### [EXTRACTED ENTRIES]
• • • • •

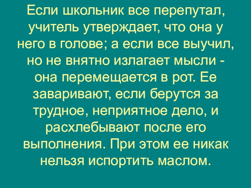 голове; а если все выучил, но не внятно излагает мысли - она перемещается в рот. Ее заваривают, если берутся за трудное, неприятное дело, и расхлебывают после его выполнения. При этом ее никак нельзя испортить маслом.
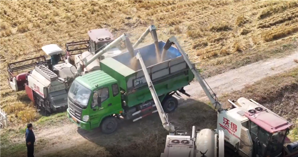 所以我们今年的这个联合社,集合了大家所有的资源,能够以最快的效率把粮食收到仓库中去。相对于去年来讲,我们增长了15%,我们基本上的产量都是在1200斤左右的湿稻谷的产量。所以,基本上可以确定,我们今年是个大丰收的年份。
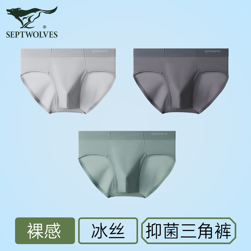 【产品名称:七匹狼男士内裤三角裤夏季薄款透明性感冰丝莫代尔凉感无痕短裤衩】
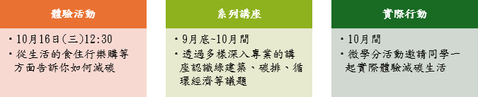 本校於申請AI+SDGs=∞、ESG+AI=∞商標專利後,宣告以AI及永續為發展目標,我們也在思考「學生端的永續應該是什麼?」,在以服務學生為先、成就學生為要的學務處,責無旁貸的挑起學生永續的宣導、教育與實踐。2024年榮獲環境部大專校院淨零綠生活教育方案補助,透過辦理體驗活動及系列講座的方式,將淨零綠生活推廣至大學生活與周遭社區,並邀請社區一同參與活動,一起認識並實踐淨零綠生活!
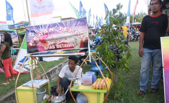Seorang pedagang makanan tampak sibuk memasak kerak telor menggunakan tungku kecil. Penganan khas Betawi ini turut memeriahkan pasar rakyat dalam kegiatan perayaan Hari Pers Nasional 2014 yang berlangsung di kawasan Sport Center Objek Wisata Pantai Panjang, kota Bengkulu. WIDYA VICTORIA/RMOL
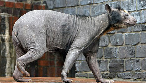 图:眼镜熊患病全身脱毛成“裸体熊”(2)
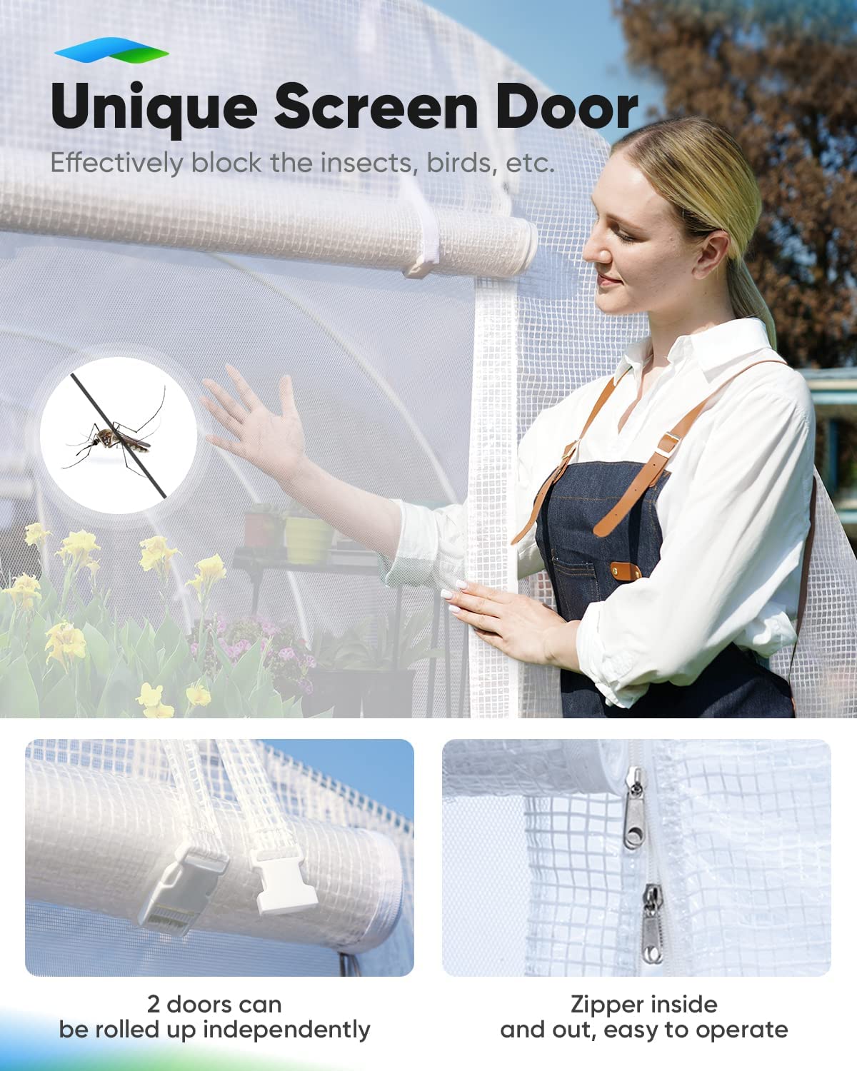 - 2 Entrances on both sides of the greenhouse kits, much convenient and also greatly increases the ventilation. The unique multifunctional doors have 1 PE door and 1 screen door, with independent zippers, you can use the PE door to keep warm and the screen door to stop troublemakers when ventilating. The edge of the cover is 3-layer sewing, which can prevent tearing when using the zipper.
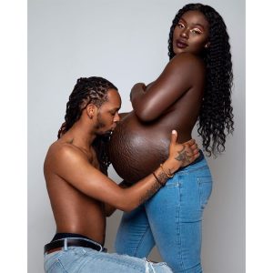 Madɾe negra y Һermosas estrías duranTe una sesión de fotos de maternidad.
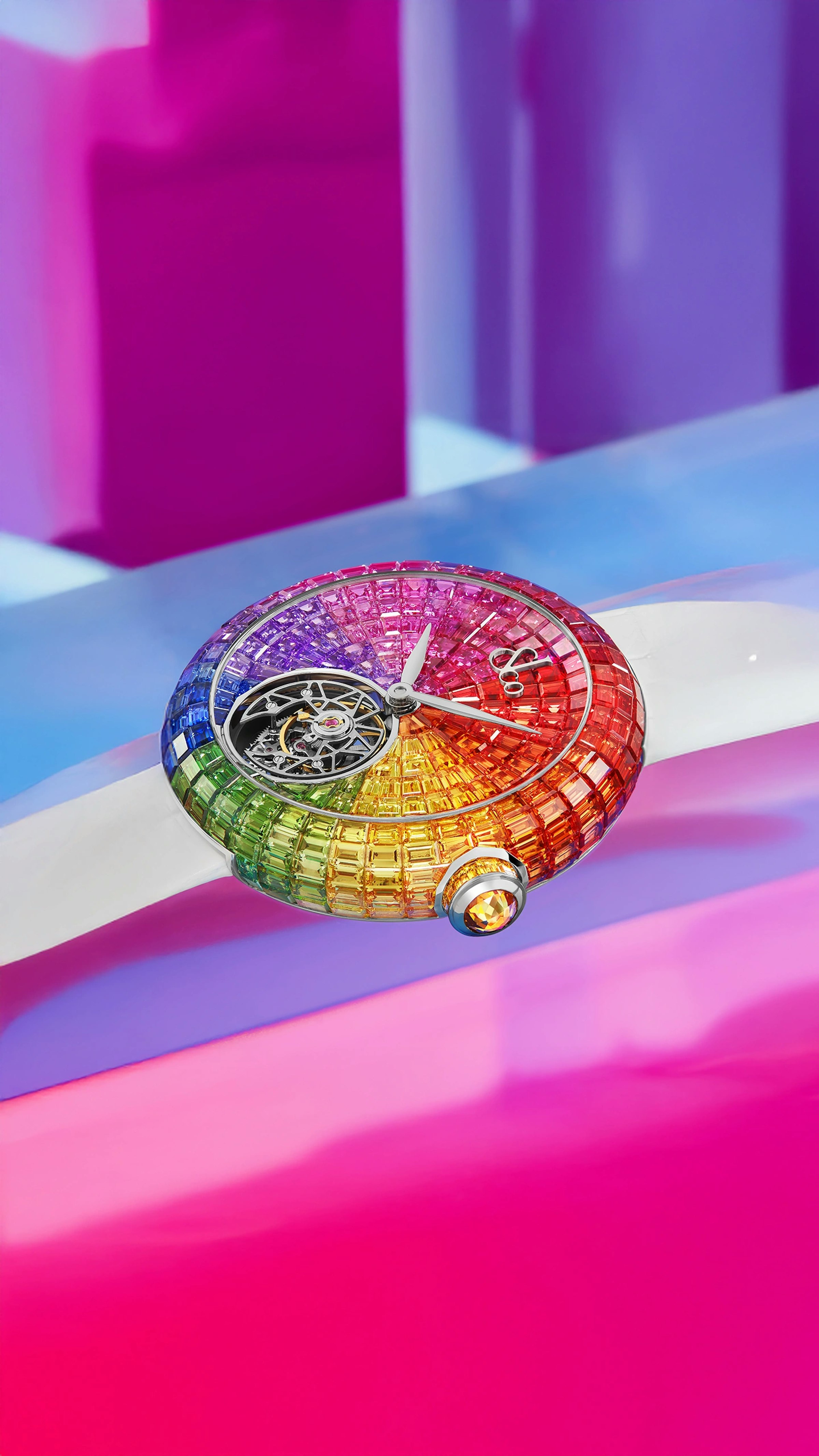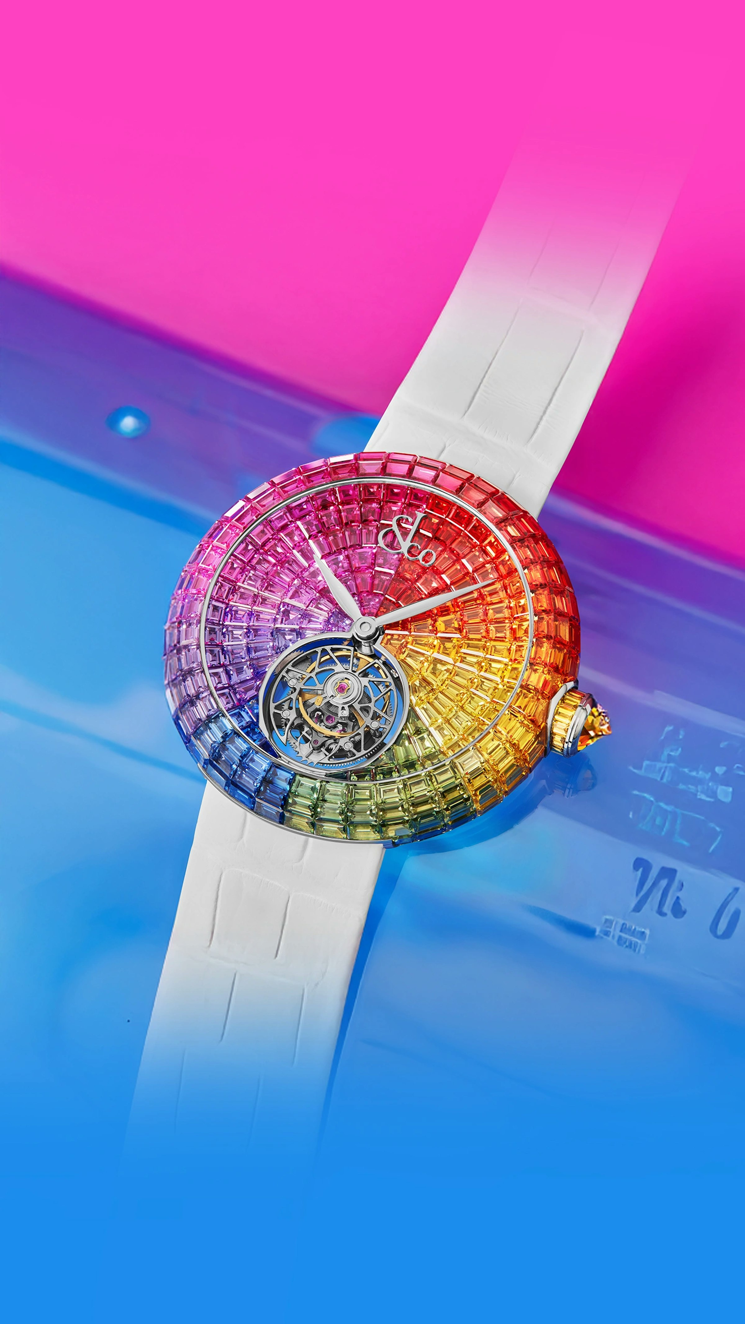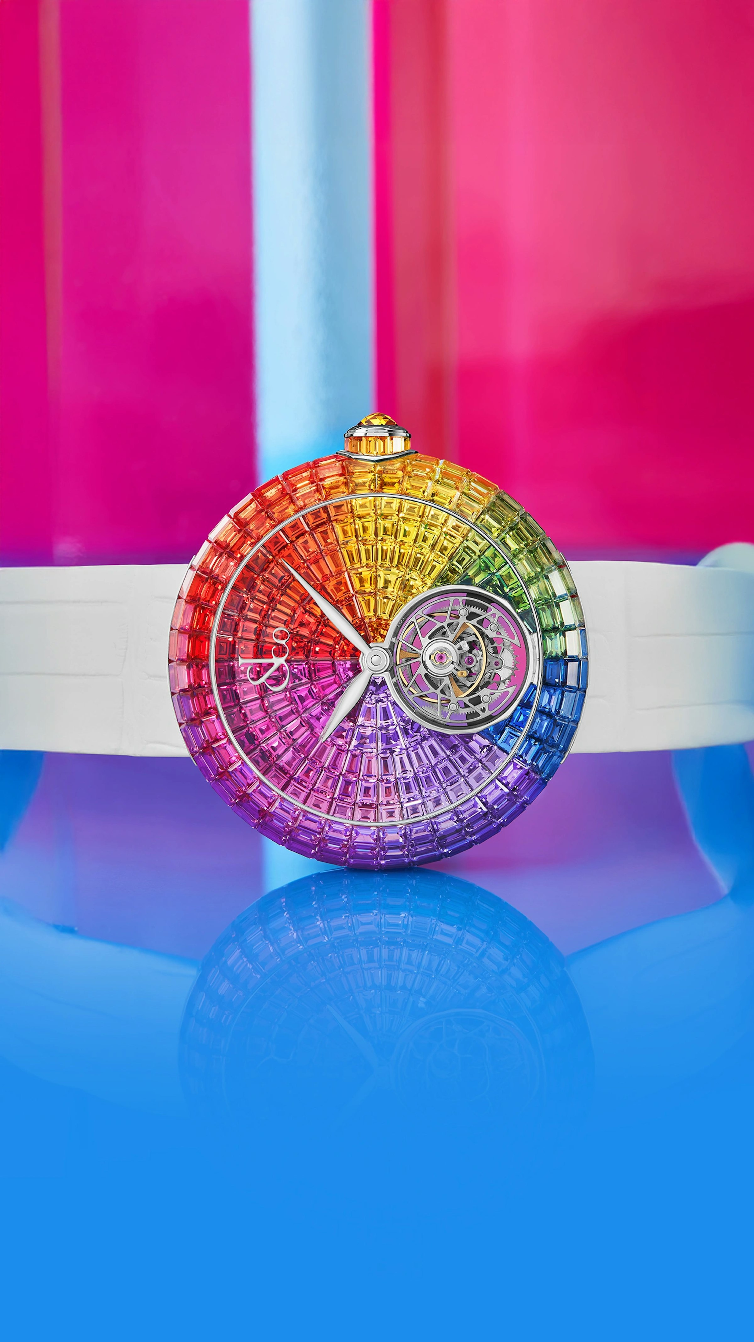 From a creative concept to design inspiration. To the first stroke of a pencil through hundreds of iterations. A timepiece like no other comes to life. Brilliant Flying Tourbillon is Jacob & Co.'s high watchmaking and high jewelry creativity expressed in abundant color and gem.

• • • • •

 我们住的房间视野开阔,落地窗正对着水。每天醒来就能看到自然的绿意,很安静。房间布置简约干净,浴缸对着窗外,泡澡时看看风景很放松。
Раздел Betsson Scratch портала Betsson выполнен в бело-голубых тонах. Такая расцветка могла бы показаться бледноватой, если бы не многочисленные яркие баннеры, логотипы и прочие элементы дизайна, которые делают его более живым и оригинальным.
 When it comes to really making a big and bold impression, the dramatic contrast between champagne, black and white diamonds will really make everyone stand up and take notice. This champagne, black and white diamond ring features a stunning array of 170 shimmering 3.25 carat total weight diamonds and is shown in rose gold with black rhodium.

• • • • •

### [PROBLEM DESCRIPTION]
From the records above, copy out the line with "Раздел Betsson Scratch", the line with "When it comes", and every line between them, word for word.

### [TASK SOLUTION]
Раздел Betsson Scratch портала Betsson выполнен в бело-голубых тонах. Такая расцветка могла бы показаться бледноватой, если бы не многочисленные яркие баннеры, логотипы и прочие элементы дизайна, которые делают его более живым и оригинальным.
 When it comes to really making a big and bold impression, the dramatic contrast between champagne, black and white diamonds will really make everyone stand up and take notice. This champagne, black and white diamond ring features a stunning array of 170 shimmering 3.25 carat total weight diamonds and is shown in rose gold with black rhodium.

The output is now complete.